Berkshire increasingly has been putting money to work in MidAmerican and BNSF. The two businesses will spend about $8.7 billion on capital projects this year, according to the filing. That compares with $6.9 billion in 2012.
Profit rose at the energy business as it won approvals for rate increases at its largest units, which sell power in states including Iowa, Oregon and Utah. The firm also struck a deal in May to buy Nevada’s largest electric utility for $5.6 billion.
BNSF has benefited as new drilling technologies boosted oil production in states such as North Dakota and Montana. Volume increased 12 percent for industrial goods in the first nine months of the year because of “significantly higher petroleum products” moving by the company’s rail network, according to the filing. Buffett didn’t respond to a request for comment sent to an assistant outside normal business hours.
Part of the reason Buffett may be investing so heavily in the utilities and railroad is that bonds yield so little, said David Sims, co-manager of Eagle Capital Growth Fund. While other insurers primarily hold fixed-income securities to back obligations to policyholders and generate earnings, Berkshire has opted to put money in capital-intensive businesses, he said.

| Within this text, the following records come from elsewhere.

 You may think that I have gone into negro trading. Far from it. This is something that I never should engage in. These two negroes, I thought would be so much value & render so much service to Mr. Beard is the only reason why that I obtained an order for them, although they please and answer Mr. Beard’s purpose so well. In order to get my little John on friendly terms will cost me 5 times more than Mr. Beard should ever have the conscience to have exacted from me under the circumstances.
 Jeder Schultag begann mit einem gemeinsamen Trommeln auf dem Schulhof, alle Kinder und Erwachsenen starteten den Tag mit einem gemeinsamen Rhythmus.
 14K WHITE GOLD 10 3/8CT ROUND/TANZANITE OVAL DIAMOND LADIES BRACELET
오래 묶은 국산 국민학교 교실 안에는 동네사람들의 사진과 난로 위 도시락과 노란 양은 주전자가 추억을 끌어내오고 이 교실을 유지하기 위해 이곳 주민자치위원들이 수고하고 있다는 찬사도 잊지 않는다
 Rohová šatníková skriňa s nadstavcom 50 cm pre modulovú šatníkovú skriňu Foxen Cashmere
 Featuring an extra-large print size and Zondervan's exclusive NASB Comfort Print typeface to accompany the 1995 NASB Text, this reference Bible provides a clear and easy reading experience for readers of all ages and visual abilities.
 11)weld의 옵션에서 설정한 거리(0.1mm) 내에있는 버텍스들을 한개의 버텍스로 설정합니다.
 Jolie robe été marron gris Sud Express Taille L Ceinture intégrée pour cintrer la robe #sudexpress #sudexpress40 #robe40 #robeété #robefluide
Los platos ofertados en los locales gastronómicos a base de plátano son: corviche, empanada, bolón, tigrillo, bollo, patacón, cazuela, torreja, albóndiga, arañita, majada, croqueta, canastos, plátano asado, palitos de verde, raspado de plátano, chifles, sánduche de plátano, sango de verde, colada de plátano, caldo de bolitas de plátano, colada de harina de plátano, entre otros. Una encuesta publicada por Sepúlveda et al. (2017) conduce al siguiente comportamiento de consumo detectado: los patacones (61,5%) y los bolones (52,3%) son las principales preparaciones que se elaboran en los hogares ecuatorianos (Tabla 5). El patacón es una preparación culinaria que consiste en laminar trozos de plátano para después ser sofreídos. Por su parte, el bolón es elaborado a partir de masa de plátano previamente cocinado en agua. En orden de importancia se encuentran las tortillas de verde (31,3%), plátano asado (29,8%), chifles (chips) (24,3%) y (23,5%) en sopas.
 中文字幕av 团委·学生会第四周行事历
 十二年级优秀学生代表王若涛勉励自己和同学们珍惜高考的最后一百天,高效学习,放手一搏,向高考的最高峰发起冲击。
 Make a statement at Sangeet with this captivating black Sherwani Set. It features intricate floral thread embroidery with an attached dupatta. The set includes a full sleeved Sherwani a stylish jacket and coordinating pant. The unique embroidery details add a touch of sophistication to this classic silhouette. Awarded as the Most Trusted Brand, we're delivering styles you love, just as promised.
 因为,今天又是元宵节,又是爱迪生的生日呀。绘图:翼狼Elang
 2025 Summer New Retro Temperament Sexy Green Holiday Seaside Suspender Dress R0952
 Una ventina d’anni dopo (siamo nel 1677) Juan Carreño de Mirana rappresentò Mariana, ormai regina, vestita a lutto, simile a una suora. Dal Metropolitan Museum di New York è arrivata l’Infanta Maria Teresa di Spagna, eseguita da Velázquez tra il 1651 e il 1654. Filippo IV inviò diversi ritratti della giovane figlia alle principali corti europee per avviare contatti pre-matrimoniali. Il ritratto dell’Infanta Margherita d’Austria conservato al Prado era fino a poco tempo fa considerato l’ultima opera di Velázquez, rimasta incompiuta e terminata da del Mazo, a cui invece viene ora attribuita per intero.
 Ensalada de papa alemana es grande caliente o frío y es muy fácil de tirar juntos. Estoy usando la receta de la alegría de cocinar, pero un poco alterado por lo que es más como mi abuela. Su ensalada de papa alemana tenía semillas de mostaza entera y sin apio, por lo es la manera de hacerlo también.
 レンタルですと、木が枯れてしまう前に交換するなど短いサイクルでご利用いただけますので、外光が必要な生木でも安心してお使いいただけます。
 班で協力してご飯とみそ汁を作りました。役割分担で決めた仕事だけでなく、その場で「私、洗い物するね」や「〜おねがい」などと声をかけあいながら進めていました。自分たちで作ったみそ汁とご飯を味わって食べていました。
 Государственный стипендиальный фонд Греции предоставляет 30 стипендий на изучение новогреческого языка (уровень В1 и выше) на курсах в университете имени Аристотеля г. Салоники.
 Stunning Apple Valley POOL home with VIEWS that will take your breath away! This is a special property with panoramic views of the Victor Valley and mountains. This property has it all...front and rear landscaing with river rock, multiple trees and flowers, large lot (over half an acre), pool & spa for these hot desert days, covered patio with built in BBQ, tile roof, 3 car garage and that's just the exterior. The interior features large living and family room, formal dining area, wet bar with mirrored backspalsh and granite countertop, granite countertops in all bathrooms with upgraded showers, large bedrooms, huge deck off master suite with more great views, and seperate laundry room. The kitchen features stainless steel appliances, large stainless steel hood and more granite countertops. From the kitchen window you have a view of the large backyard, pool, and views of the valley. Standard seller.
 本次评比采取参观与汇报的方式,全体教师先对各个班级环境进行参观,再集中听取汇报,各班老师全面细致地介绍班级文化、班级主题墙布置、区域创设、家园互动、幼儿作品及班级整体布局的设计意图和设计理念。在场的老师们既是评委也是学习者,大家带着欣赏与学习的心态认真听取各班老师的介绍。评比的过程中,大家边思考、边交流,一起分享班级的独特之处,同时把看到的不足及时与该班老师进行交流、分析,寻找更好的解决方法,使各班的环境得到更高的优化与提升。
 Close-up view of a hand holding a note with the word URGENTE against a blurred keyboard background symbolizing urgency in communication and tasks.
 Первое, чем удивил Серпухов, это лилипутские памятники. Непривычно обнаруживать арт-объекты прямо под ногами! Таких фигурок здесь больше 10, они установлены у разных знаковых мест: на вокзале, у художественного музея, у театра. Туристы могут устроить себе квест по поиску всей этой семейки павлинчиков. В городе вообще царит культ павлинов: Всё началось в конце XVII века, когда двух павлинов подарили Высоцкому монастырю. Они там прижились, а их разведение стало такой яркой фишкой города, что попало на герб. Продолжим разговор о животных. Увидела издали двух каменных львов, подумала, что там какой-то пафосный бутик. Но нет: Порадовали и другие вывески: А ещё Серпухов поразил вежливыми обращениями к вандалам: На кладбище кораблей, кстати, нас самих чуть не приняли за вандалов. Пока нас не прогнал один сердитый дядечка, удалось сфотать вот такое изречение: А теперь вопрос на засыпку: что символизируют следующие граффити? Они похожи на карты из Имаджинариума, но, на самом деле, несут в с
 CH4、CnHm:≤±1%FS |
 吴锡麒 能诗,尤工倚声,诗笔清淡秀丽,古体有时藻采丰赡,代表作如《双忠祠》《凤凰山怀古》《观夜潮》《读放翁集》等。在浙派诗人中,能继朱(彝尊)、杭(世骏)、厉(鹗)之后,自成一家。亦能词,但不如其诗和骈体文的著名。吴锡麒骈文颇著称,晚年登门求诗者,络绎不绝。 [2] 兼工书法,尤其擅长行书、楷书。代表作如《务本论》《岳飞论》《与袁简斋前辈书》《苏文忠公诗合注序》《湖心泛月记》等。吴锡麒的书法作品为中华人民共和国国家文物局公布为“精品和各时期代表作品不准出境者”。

“They’re very complementary to the insurance business,” said Sims, whose fund counts Berkshire among its biggest holdings. “They’re a very reliable source of income.”
The businesses also allow Berkshire to deploy large amounts of cash consistently. That’s important because it’s harder for Buffett to make meaningful investments now that his company is much larger than when he took over as chief executive officer more than four decades ago, said Richard Cook, co-founder of Cook & Bynum Capital Management LLC in Birmingham, Alabama.
Berkshire’s book value, a measure of assets minus liabilities, was $126,766 per Class A share as of Sept. 30. When Buffett took control in the 1960s, it was $19.
The stock slipped 0.6 percent to $172,089 at 4:01 p.m. in New York and has gained 28 percent since Dec. 31. Berkshire’s largest investment this year was the $12.3 billion Buffett spent to help take ketchup maker HJ Heinz Co. private. The billionaire’s company got half the common equity, and preferred stock paying a 9 percent dividend.
“People’s expectations should not be that returns are going to be as good as they have been, because there’s so much capital to put to work,” said Cook, who oversees about $295 million, including Berkshire shares. “That’s not a change in Buffett’s skill. It’s a change in the capital base.”
Investing in the railroad and utilities also may have an element of “estate planning,” Russo said. Predictable profits will be helpful in ensuring payouts to the foundations to which the billionaire CEO is leaving almost all his wealth and a boon to his eventual successor, the Berkshire investor said.
Buffett is “starting to play more toward the middle of the tennis court,” Russo said. “The model is changing.”